Collection entries
------------------------------------------------------------------------
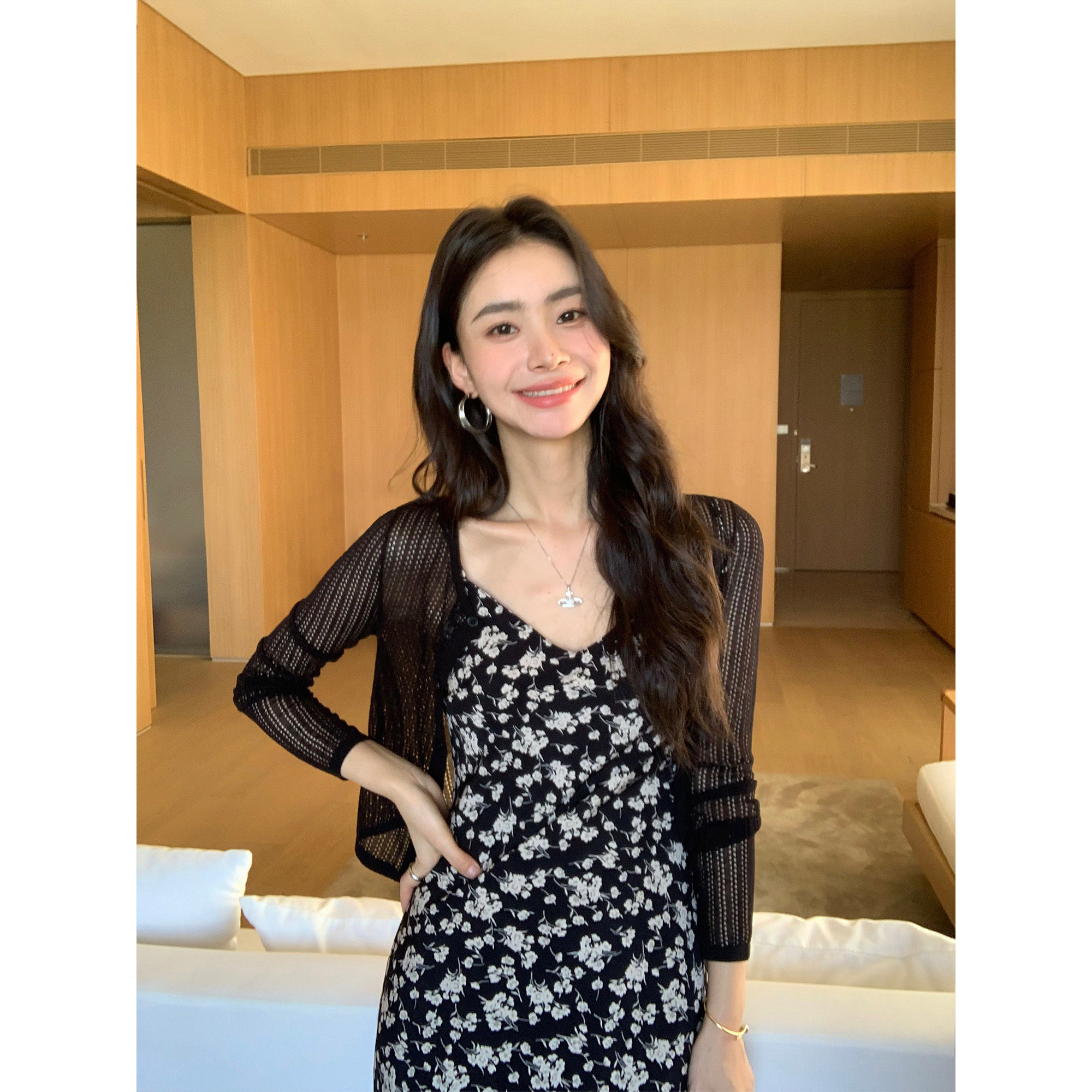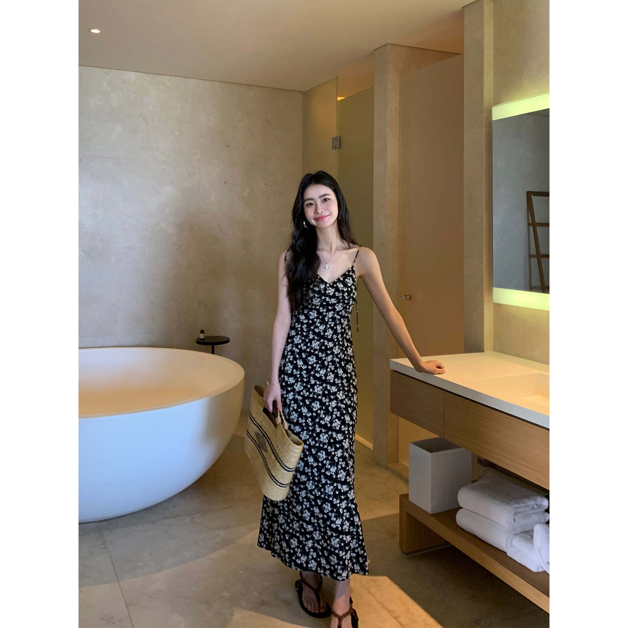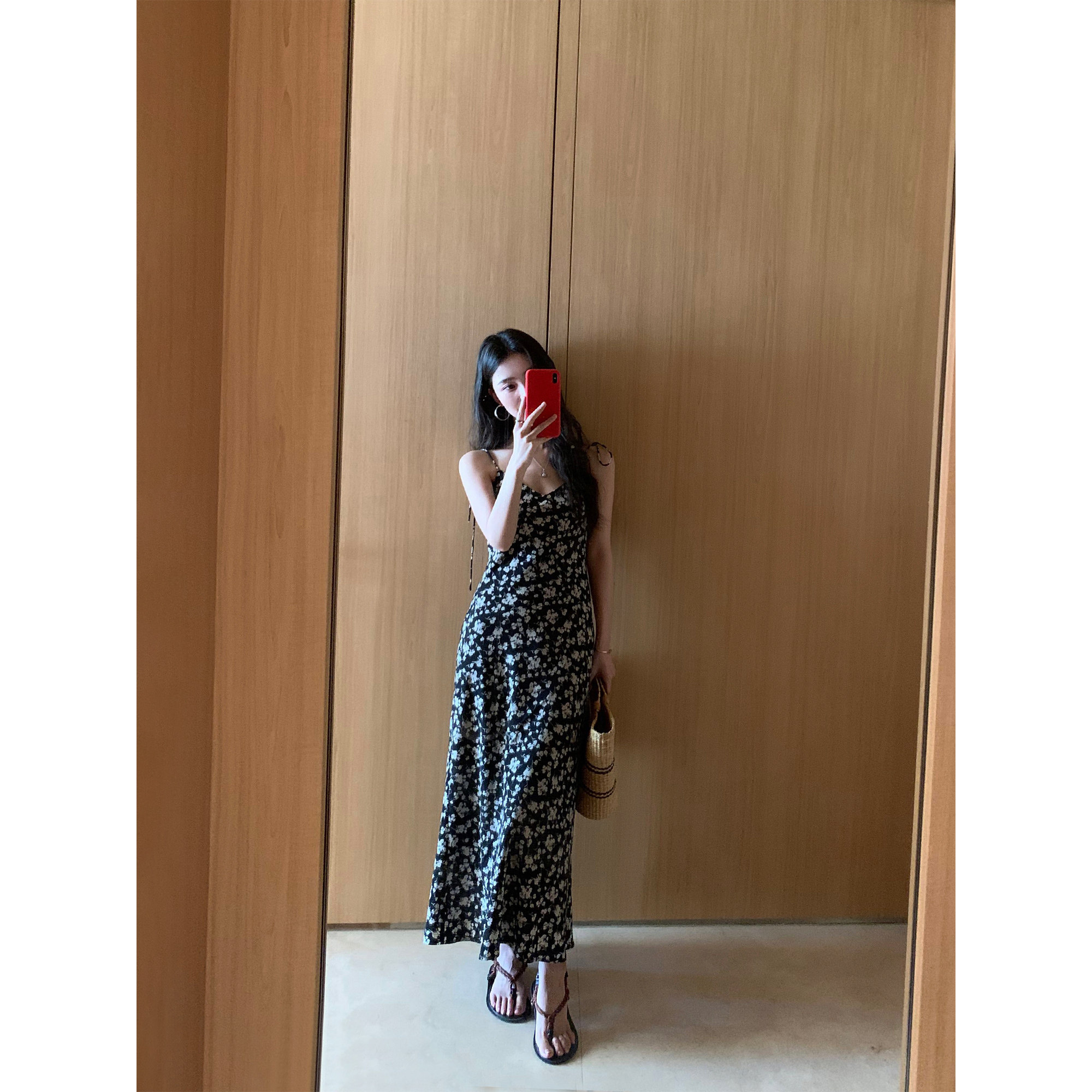 pusumede 【现货7.5折】v领吊带裙碎花连衣裙女度假风长裙
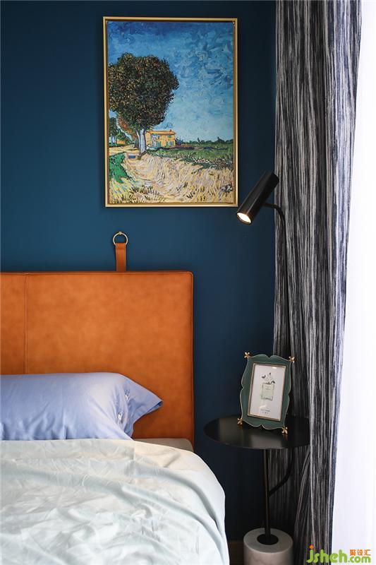 ▲深海蓝上挂着的真皮床背,已经不单单是一块墙面和一件家具,他们是喧闹城市中的避风港,给予郝小姐的是一夜夜的好眠,更是一个个香甜的酣梦,也许哪一天的梦里,她会身着旗袍行走在上海滩的街巷里。室内设计师
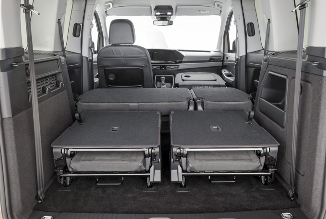 Wie gehabt wird es den Caddy mit zwei verschiedenen Radständen geben Beide Karosserieversionen bieten maximal sieben Personen Platz. Neu ist, dass in der dritten Sitzreihe jetzt zwei Einzelsitze verbaut sind.
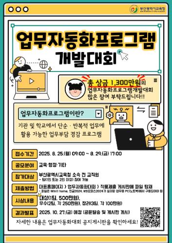 [뉴스스텝] 부산광역시교육청은 전 교직원을 대상으로 ‘업무자동화 프로그램 개발 대회’를 개최한다고 밝혔다.
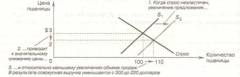 Анализ рынка сельскохозяйственных продуктов позволяет объяснить кажущуюся парадоксом социальную политику: сельскохозяйственные программы, ориентированные на помощь фермерам, стимулируют сокращение используемых в производстве земель. В чем дело? Цель таких программ заключается в уменьшении предложения сельскохозяйственных продуктов и, следовательно, увеличении цены на них. Так как спрос на продукты неэластичен, фермеры как группа, получают большую совокупную выручку, если они предлагают рынку меньше зерна. Самостоятельно ни один фермер не согласится уничтожить зерно, так как каждый принимает рыночную цену такой, какая она есть. Но если бы все фермеры сократили предложение продуктов, повысился бы уровень жизни каждого из них.
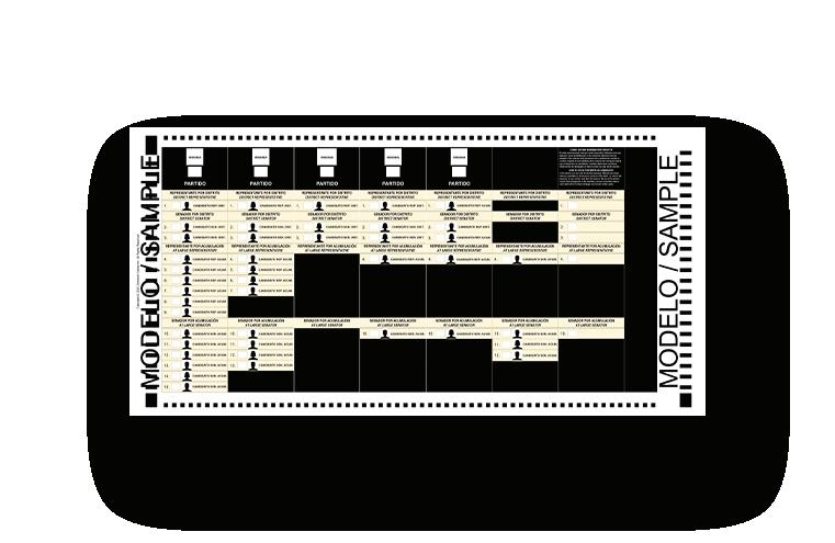 candidatura Para votar por candidaturas, insignia. Usted va a buscar los candidatos uno a uno por el máximo que tenga derecho. En la legislativa, que sería la (papeleta) más complicada, pues solo puede votar por un representante por distrito, dos senadores por distrito, uno por acumulación senado y uno por acumulación representante. En la estatal es fácil: un gobernador y un comisionado residente. En la (papeleta) municipal, igual”, explicó Conty Pérez.
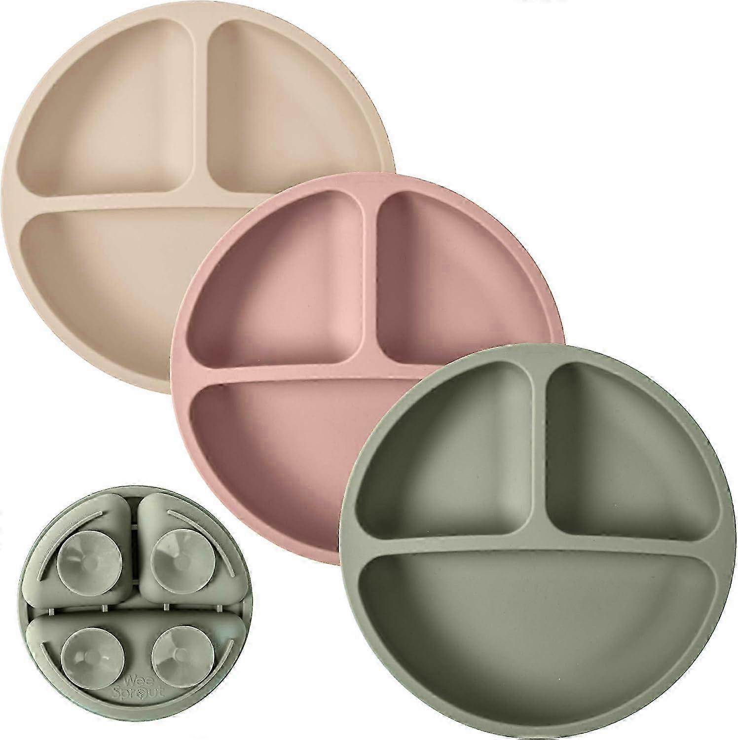 3 Pack Suction Plates for Babies & Toddlers - 100% Silicone, Plates Stay Put with Suction Feature, Divided Design for Picky Eaters, Microwave & Dishwa
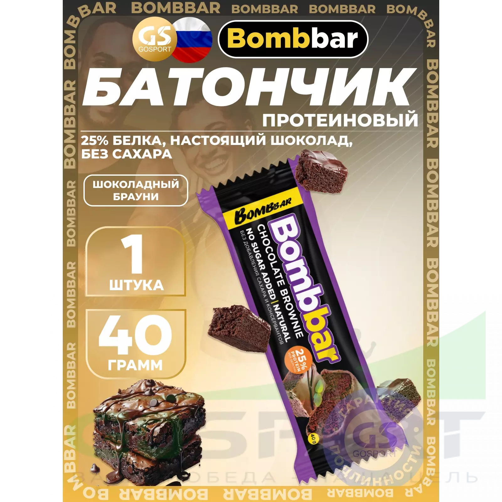 BombBar Батончик в шоколаде без сахара 40 г, Шоколадный брауни — Полезный и питательный перекус
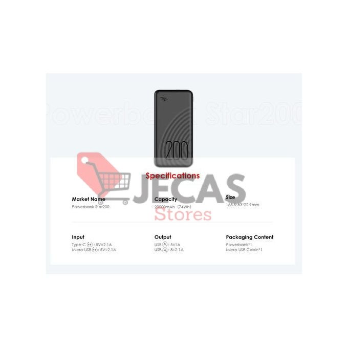 20,000mAh Strong CapacityWith Bright LED TorchMicro USB & Type-C Dual InputUp to 2.1A Fast Charging for Two12 Months Warranty by CarlcareAnti-Slip TextureCertified Safe: Itel Superior Safety
------------------------------------------------------------------------
## Instructions to follow
Every entry above should be returned exactly, with no images included.

## Written response
 pusumede 【现货7.5折】v领吊带裙碎花连衣裙女度假风长裙
 ▲深海蓝上挂着的真皮床背,已经不单单是一块墙面和一件家具,他们是喧闹城市中的避风港,给予郝小姐的是一夜夜的好眠,更是一个个香甜的酣梦,也许哪一天的梦里,她会身着旗袍行走在上海滩的街巷里。室内设计师
 Wie gehabt wird es den Caddy mit zwei verschiedenen Radständen geben Beide Karosserieversionen bieten maximal sieben Personen Platz. Neu ist, dass in der dritten Sitzreihe jetzt zwei Einzelsitze verbaut sind.
 [뉴스스텝] 부산광역시교육청은 전 교직원을 대상으로 ‘업무자동화 프로그램 개발 대회’를 개최한다고 밝혔다.
 Анализ рынка сельскохозяйственных продуктов позволяет объяснить кажущуюся парадоксом социальную политику: сельскохозяйственные программы, ориентированные на помощь фермерам, стимулируют сокращение используемых в производстве земель. В чем дело? Цель таких программ заключается в уменьшении предложения сельскохозяйственных продуктов и, следовательно, увеличении цены на них. Так как спрос на продукты неэластичен, фермеры как группа, получают большую совокупную выручку, если они предлагают рынку меньше зерна. Самостоятельно ни один фермер не согласится уничтожить зерно, так как каждый принимает рыночную цену такой, какая она есть. Но если бы все фермеры сократили предложение продуктов, повысился бы уровень жизни каждого из них.
 candidatura Para votar por candidaturas, insignia. Usted va a buscar los candidatos uno a uno por el máximo que tenga derecho. En la legislativa, que sería la (papeleta) más complicada, pues solo puede votar por un representante por distrito, dos senadores por distrito, uno por acumulación senado y uno por acumulación representante. En la estatal es fácil: un gobernador y un comisionado residente. En la (papeleta) municipal, igual”, explicó Conty Pérez.
 3 Pack Suction Plates for Babies & Toddlers - 100% Silicone, Plates Stay Put with Suction Feature, Divided Design for Picky Eaters, Microwave & Dishwa
 BombBar Батончик в шоколаде без сахара 40 г, Шоколадный брауни — Полезный и питательный перекус
 20,000mAh Strong CapacityWith Bright LED TorchMicro USB & Type-C Dual InputUp to 2.1A Fast Charging for Two12 Months Warranty by CarlcareAnti-Slip TextureCertified Safe: Itel Superior Safety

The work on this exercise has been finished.